No Double Microsoft Pricing For Dual-Core Chips

Server software won't be licensed according to the number of processor cores.

Darrell Dunn, Contributor

October 20, 2004

1 Min Read

Dual-core microprocessors won't mean doubled software license fees, according to an announcement by Microsoft and Advanced Micro Devices Inc.

Server software won't be licensed according to the number of processor cores.

"AMD is committed to help businesses transition to multicore technology in the least disruptive way possible, and Microsoft's licensing decision is a major component to enable that migration," said Marty Seyer, VP and general manager for AMD's Microprocessor Business unit, in a statement.

"I haven't spoken with a single IT manager who wants to swap out their current servers just to upgrade to multicore technology," he said.
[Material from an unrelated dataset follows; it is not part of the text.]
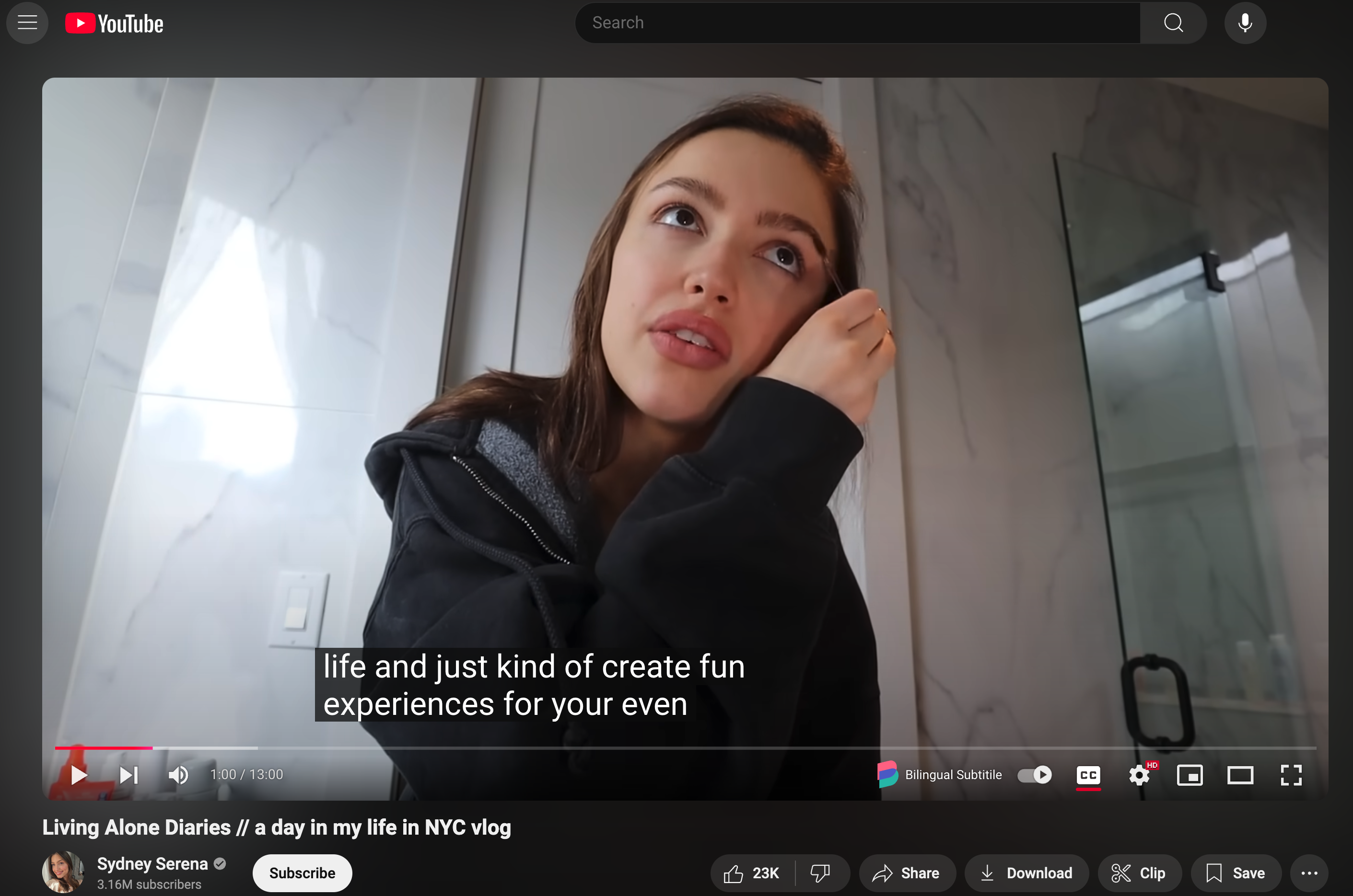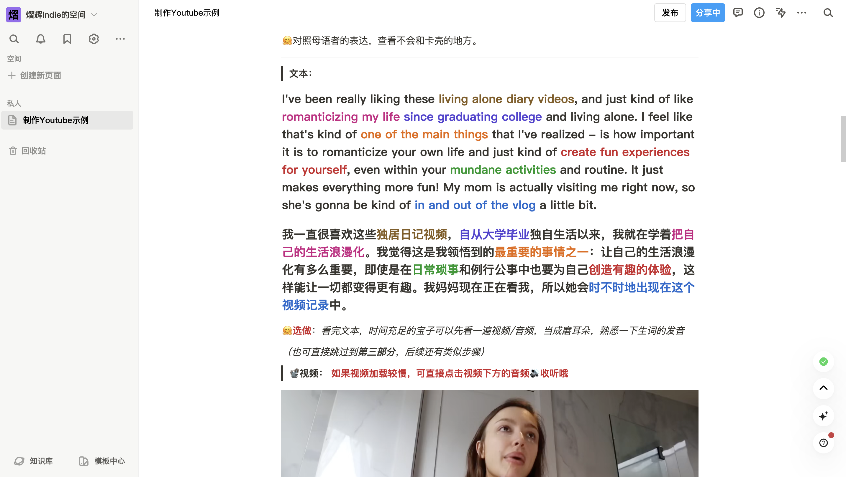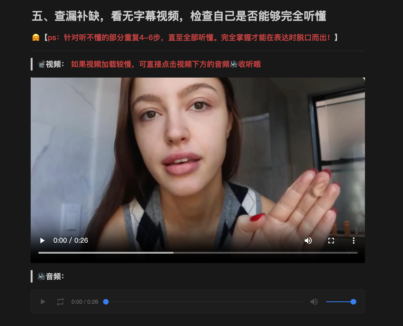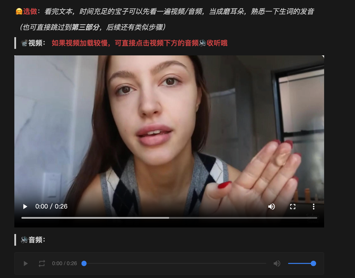 现在我相信你大概已经弄清楚了这类拆解Youtube的Vlog用作英语学习的账号是做什么的?以及卖什么的了?其实就是选取英语Vlog中的几十秒,然后做对应的精听和精读。也许很多读者可能已经被我刚才拆解的商品吓唬住了,制作这样一期多么难啊!?又有视频、又有音频,还要懂英语语法...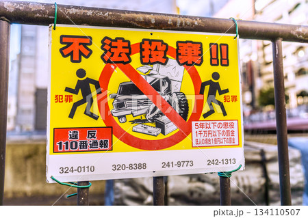 日本の横浜都市景観 師走。横浜駅前。「不法投棄」はダメ…奥は、ビックカメラや横浜ビブレ、南幸橋

With the Microsoft licensing policy, the "IT community will be able to reap the rewards of multicore technology without the pain of upheaval."

The strategy "will help facilitate the broad adoption of multicore server technology," Brent Callinicos, corporate VP of worldwide licensing and pricing at Microsoft, said in a statement.

Dual- and multicore processors place two or more processing engines on a single integrated circuit, allowing for greater performance, often at lower clock speeds and lower power dissipation.

Dual-core AMD Opteron processors are scheduled to be available in mid-2005. Intel has also revealed plans to move all of its processor lines to multicore implementations, with dual-core Xeons expected in 2006.